[Records from a collection]
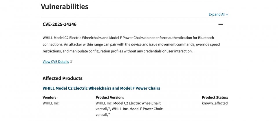 美國網路安全暨基礎設施安全局(CISA)發布工業控制系統醫療資安通報,指出日本行動輔具業者Whill的電動輪椅Model C2與Model F存在嚴重藍牙弱點CVE-2025-14346。通報評估該漏洞CVSS v3.1分數為9.8,屬極高風險等級。一旦遭利用,攻擊者只要在藍牙有效範圍內,就可能接管裝置控制。
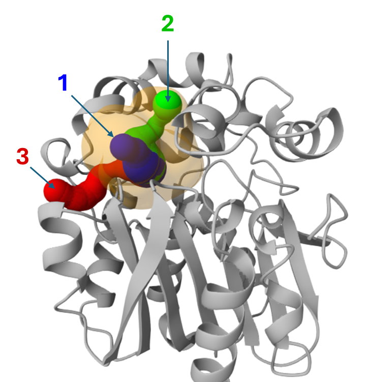 Among the tunnels obtained for LinB (previous section), since tunnels 1 and 2 are superimposed for a good part of their topology (see the image below), we will investigate tunnels 1 and 3 to perform a comparative study.
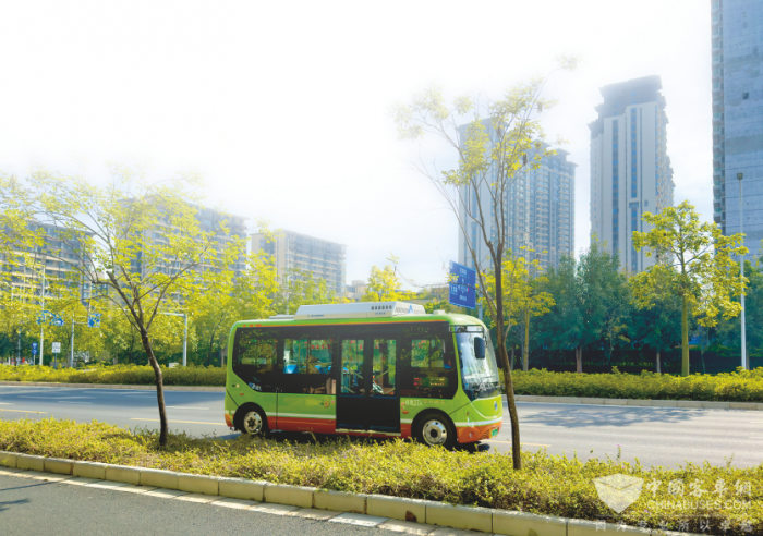 【崭新的新能源公交车成为城市流动的风景线】
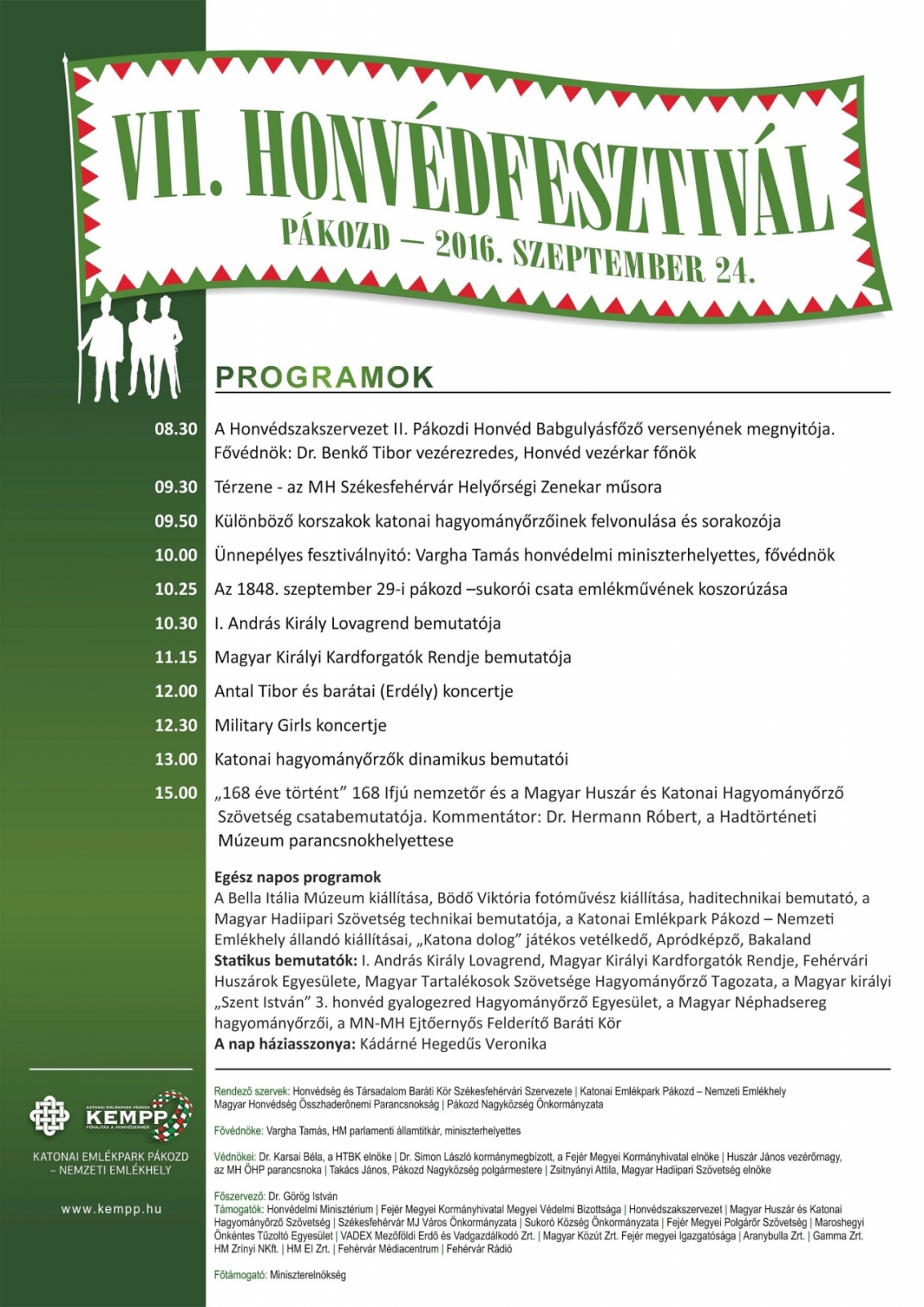 Az ünnepélyes fesztiválnyitó 10 órakor kezdődik, melyen Vargha Tamás honvédelmi miniszterhelyettes, a rendezvény fővédnöke mond köszöntőt, majd megkoszorúzzák a pákozd-sukorói csata emlékművét. A Magyar Honvédség Székesfehérvár Helyőrségi Zenekar térzenés műsorral fogja szórakoztatni a parkba látogatókat, míg a különböző korok katonai hagyományőrző egyesületei látványos bemutatókkal készülnek. Így láthatunk majd kardforgatást, felvonulást és sorakozást is tőlük. A gyerekeket „Katona dolog” játékos vetélkedőre várják, de lesz Apródképző és Bakaland is.
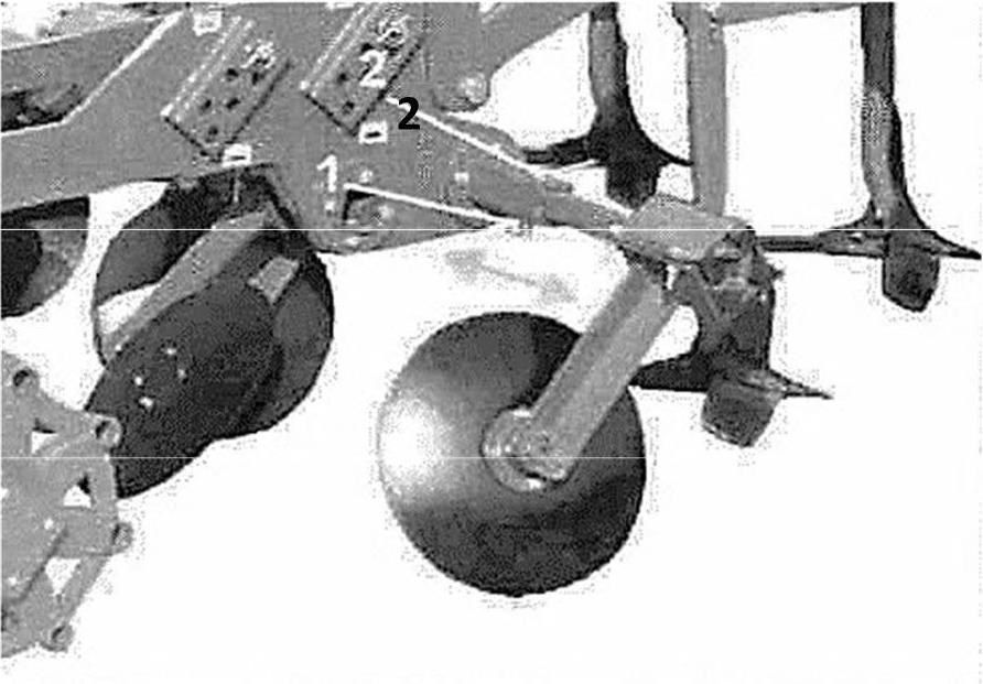 При поворачивании эксцентрикового пальца из положения 1 (глубоко) в положение 4 (неглубоко) производится точная регулировка рабочей глубины. Выбранные места установки и цифры на упорах эксцентриковых пальцах должны соответствовать.
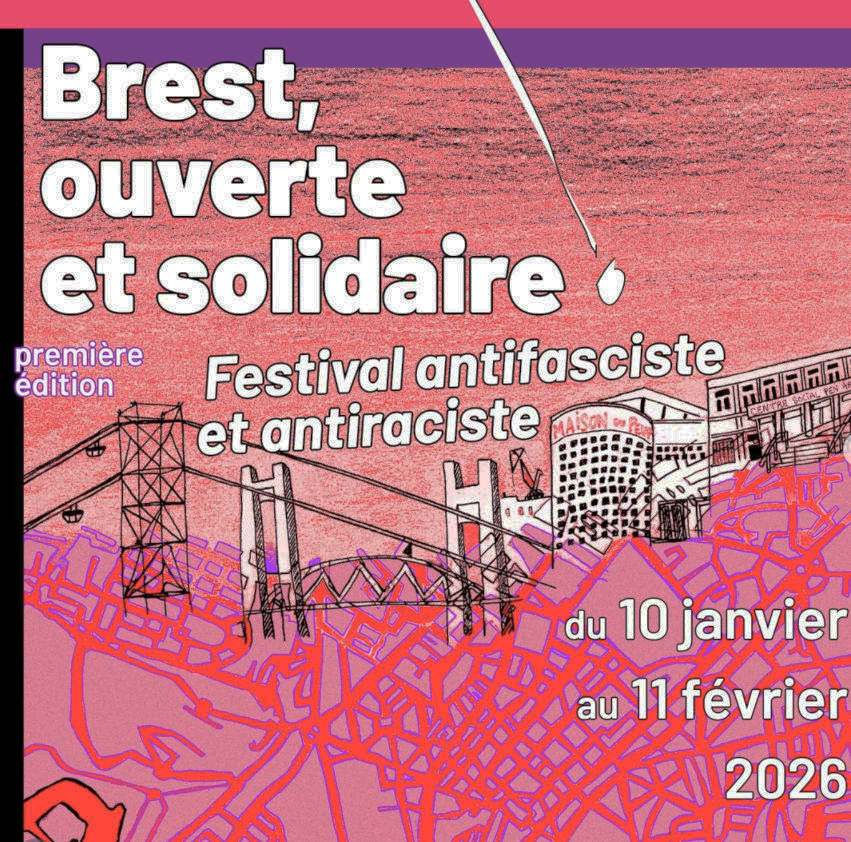 Du 10 janvier au 11 février 2026 aura lieu la première édition de Brest, Ouverte et Solidaire, un festival antifasciste et antiraciste organisé par différents collectifs pour rassembler autour des valeurs fortes de l’antiracisme, de l’antifascisme et de la solidarité à un moment où les idées de l’extrême droite sont de plus en plus présentes. Pendant un mois, habitant·es, associations, collectifs, artistes et curieux·ses sont invité·es à se mobiliser collectivement pour faire vivre fièrement ces valeurs afin de pousser des réflexions et d’imaginer des passerelles, des réponses collectives et solidaires face au fléau que représente l’extrême droite et le fascisme. Pour participer au financement du projet, cliquez ici.

» Task instructions: Excluding images, return all of the records above word for word.

» The completed task:
 美國網路安全暨基礎設施安全局(CISA)發布工業控制系統醫療資安通報,指出日本行動輔具業者Whill的電動輪椅Model C2與Model F存在嚴重藍牙弱點CVE-2025-14346。通報評估該漏洞CVSS v3.1分數為9.8,屬極高風險等級。一旦遭利用,攻擊者只要在藍牙有效範圍內,就可能接管裝置控制。
 Among the tunnels obtained for LinB (previous section), since tunnels 1 and 2 are superimposed for a good part of their topology (see the image below), we will investigate tunnels 1 and 3 to perform a comparative study.
 【崭新的新能源公交车成为城市流动的风景线】
 Az ünnepélyes fesztiválnyitó 10 órakor kezdődik, melyen Vargha Tamás honvédelmi miniszterhelyettes, a rendezvény fővédnöke mond köszöntőt, majd megkoszorúzzák a pákozd-sukorói csata emlékművét. A Magyar Honvédség Székesfehérvár Helyőrségi Zenekar térzenés műsorral fogja szórakoztatni a parkba látogatókat, míg a különböző korok katonai hagyományőrző egyesületei látványos bemutatókkal készülnek. Így láthatunk majd kardforgatást, felvonulást és sorakozást is tőlük. A gyerekeket „Katona dolog” játékos vetélkedőre várják, de lesz Apródképző és Bakaland is.
 При поворачивании эксцентрикового пальца из положения 1 (глубоко) в положение 4 (неглубоко) производится точная регулировка рабочей глубины. Выбранные места установки и цифры на упорах эксцентриковых пальцах должны соответствовать.
 Du 10 janvier au 11 février 2026 aura lieu la première édition de Brest, Ouverte et Solidaire, un festival antifasciste et antiraciste organisé par différents collectifs pour rassembler autour des valeurs fortes de l’antiracisme, de l’antifascisme et de la solidarité à un moment où les idées de l’extrême droite sont de plus en plus présentes. Pendant un mois, habitant·es, associations, collectifs, artistes et curieux·ses sont invité·es à se mobiliser collectivement pour faire vivre fièrement ces valeurs afin de pousser des réflexions et d’imaginer des passerelles, des réponses collectives et solidaires face au fléau que représente l’extrême droite et le fascisme. Pour participer au financement du projet, cliquez ici.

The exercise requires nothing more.